Great research, vivid writing, historical context – the best true crime can give compelling insight into the kind of personalities that commit notorious crimes. In no particular order, here are 10 true-crime books that I particularly admire…
Oswald’s Tale by Norman Mailer 1995
Forget the grassy knoll, mafia hitmen, Castro malcontents, CIA plotters – it was Lee Harvey Oswald what done it. Norman Mailer created a convincing portrait of a pathetic nobody who wanted to make a name for himself. He’d flirted with celebrity by ‘defecting’ to Russia in 1959, marrying a Russian, and attempting to shoot a general. Then, when he heard the President’s motorcade was passing the book depot where he’d just got a job, he reached for his $22 rifle. An unforgettable book.
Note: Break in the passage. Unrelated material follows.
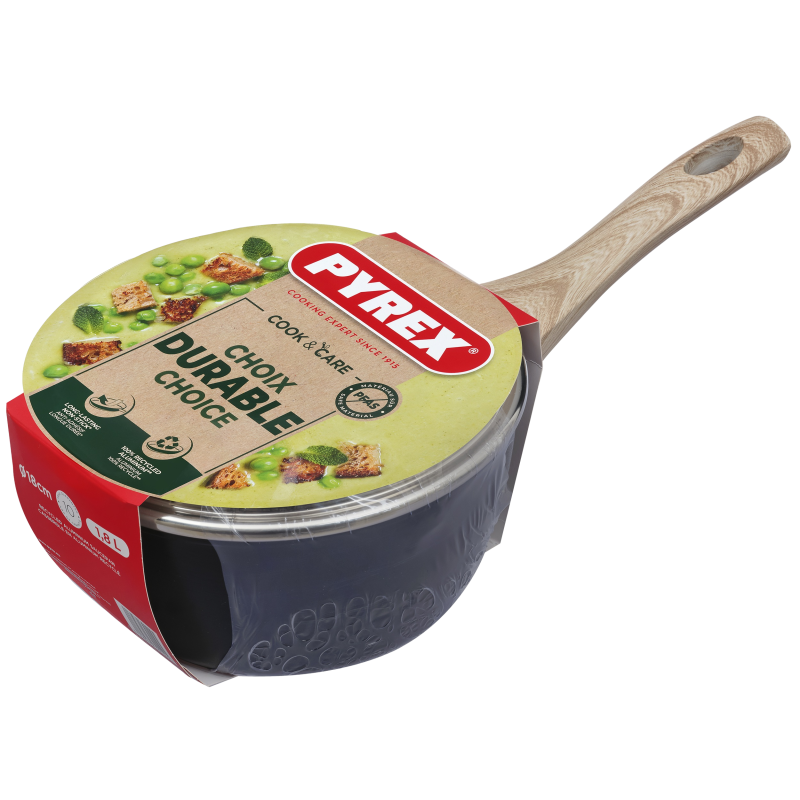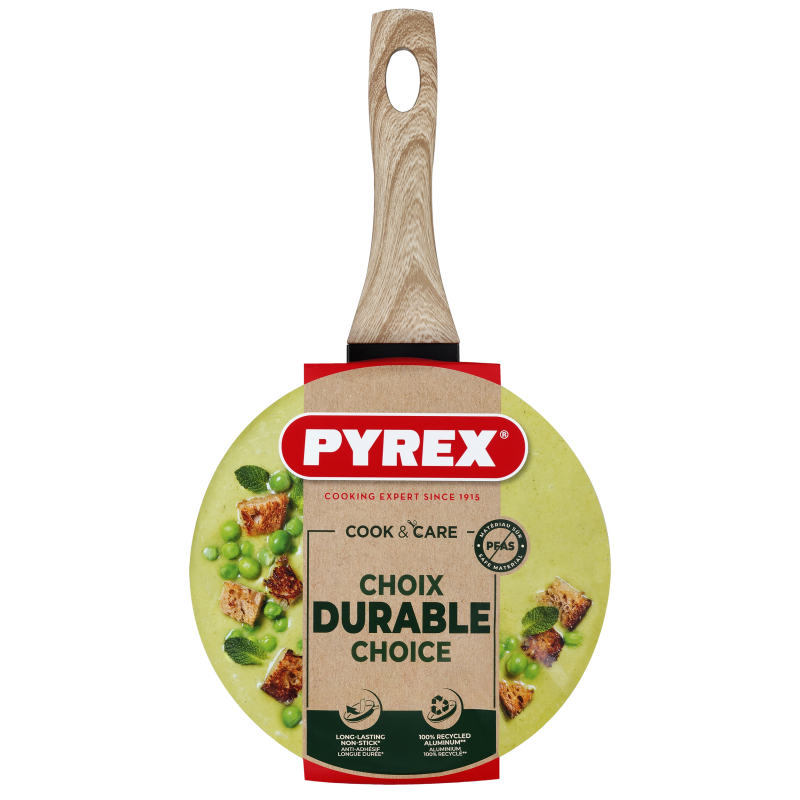 Pyrex Cook&Care – це серія посуду, яка поєднує в собі турботу про ваше здоров'я та навколишнє середовище. Зроблений з переробленого алюмінію, він має міцне керамічне покриття Sol-Gel, що не містить шкідливих PFAS. У 2 рази стійкіший до подряпин і зношування ніж звичайні покриття. Cook&Care підходить для всіх типів плит, включаючи індукційні.

I’ll Be Gone in the Dark by Michelle McNamara 2018
Not many true-crime authors can be said to have solved a historic case. Michelle McNamara, however, may eventually get some credit for the arrest made last year in the Golden State Killer investigation. She was a journalist who wrote here of her obsession with this grotesque series of home rapes and then murders. Sadly, the author died before the arrest of Joseph James DeAngelo, a former cop suspected or 50 rapes, 13 murders and many burglaries. However, her proposal for the use of ancestral DNA and geographic profiling may have played a part in the police taking a new approach to the unsolved case. An absolutely must-read, genre-busting book.